Drink was involved. Paige admits that she blacked out during the incident and the accused has no recollection of what happened. Paige, encouraged by a fellow rape victim, writes a blog about her experience and invites others to submit further accusations. Cue a flood of 520 anonymous complaints. The writer, Kendall Feaver, seems unaware that a single crisis is enough for a play and by adding hundreds more she simply blurs the focus. From here the drama starts to get its tentacles into all kinds of themes and issues. There’s a rapist on the loose who murdered a student back in 1986. A gang of drunken rowdies are accused of vandalising an important portrait of a Victorian feminist. Jo’s relationship with her old flame Michael comes under scrutiny when it emerges that he was her tutor during their romance. Does that make him an abuser, too?
Michael has since married the eccentric Leila who gets her kicks by having public sex in Christian places of worship. More storylines spring up like daisies. Jo has to deal with the construction of a ‘new prayer room’ to accommodate the religious fervour of a Malaysian student who calls himself Gerald. And Jo learns about a game in which male students share out the female first-years like sex slaves.
As she investigates Paige’s complaint, she renounces her rad-fem principles and argues that ‘sexual assault’ is too broad a category as it gives equal status to a stolen kiss and a gang rape. That’s a fair point. And she makes a speech comparing the optimistic and combative feminism of the 1980s with the tragic surrenders of the 1990s when ‘ladette’ culture developed. Or did Leila say all that stuff? The two characters are interchangeable. Later, someone delivers a well-researched history lesson about the tax status of British women during the 20th century.
The script is far too stiff and discursive to grip your attention. And the original complaint of sexual assault vanishes beneath the tundra of irrelevant subplots. However, for professors of gender studies and their pupils this show is an unmissable treat. And, if anyone’s interested, there are readings of middle eastern poetry in Farsi and English as well. The show feels like an attempt by the dramatist to discover what she wants to write about. The answer is, she doesn’t know.

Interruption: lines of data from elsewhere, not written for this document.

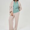 Брюки женские свободного кроя по передней половинке защипы и наклоный карман в боковом шве. Пояс притачной с резинкой по спинке. Застежка на молнии с гульфиком и выметанной петлей с пуговицей на поясе.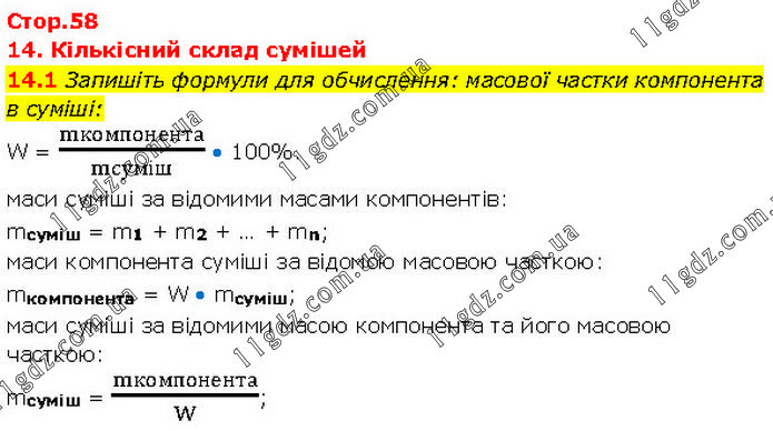 14. Кількісний склад сумішей 14.1 Запишіть формули для обчислення: масової частки компонента в суміші: W = mкомпонента/mсуміш • 100%. маси суміші за відомими масами компонентів: mсуміш = m1 + m2 + … + mn; маси компонента суміші за відомою масовою часткою: mкомпонента = W • mсуміш; маси суміші за відомими масою компонента та його масовою часткою: mсуміш = mкомпонента/W;
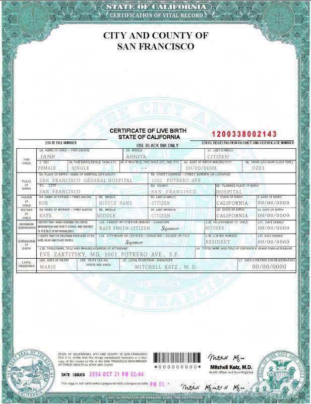 USA California state birth certificate template in PSD format download template file

Abduction dramas are as old as Aeschylus’s Prometheus Bound. This version, by Samantha Hurley, concerns the capture of the movie star Tobey Maguire. He wakes up one day and finds himself chained to a pole in the basement of a deranged teenage fan named Shelby. She zaps Tobey with a Taser and asks him to marry her. When he accepts, she squawks and yells with ecstasy and she continues to scream her lines for the duration of this 105-minute horror show. It’s unclear how Tobey wound up in the mad girl’s basement. The actor, Anders Hayward, doesn’t resemble the star very closely. So perhaps it’s all a hoax. Or is it a dream unfolding in Shelby’s deranged imagination?
The ‘Tobey’ character claims that he’s the victim of a random kidnapping. But at times he seems to know Shelby already. Maybe they’re friends engaged in an elaborate a game of role-play. It’s impossible to tell. And the script offers no rewards to anyone who gives it their full attention. The meandering and repetitive action is padded out with dull sketch-routines involving a camp estate agent and other clowns.
At one point, Shelby stops screaming and tries to commit suicide by drinking custard. Later, the Tobey character dons a tatty Spiderman costume and indulges in a spot of ‘audience participation’. This led to a very uncomfortable atmosphere in the stalls. A few play-goers walked out. Perhaps they felt unwell but it’s likely that they feared being picked on by the cast. Bullying the customers is never a wise business practice. The saving grace of this show is that it offers a genuine experience. If you want to know how it feels to be stuck in a room with a screaming psychotic, buy a ticket.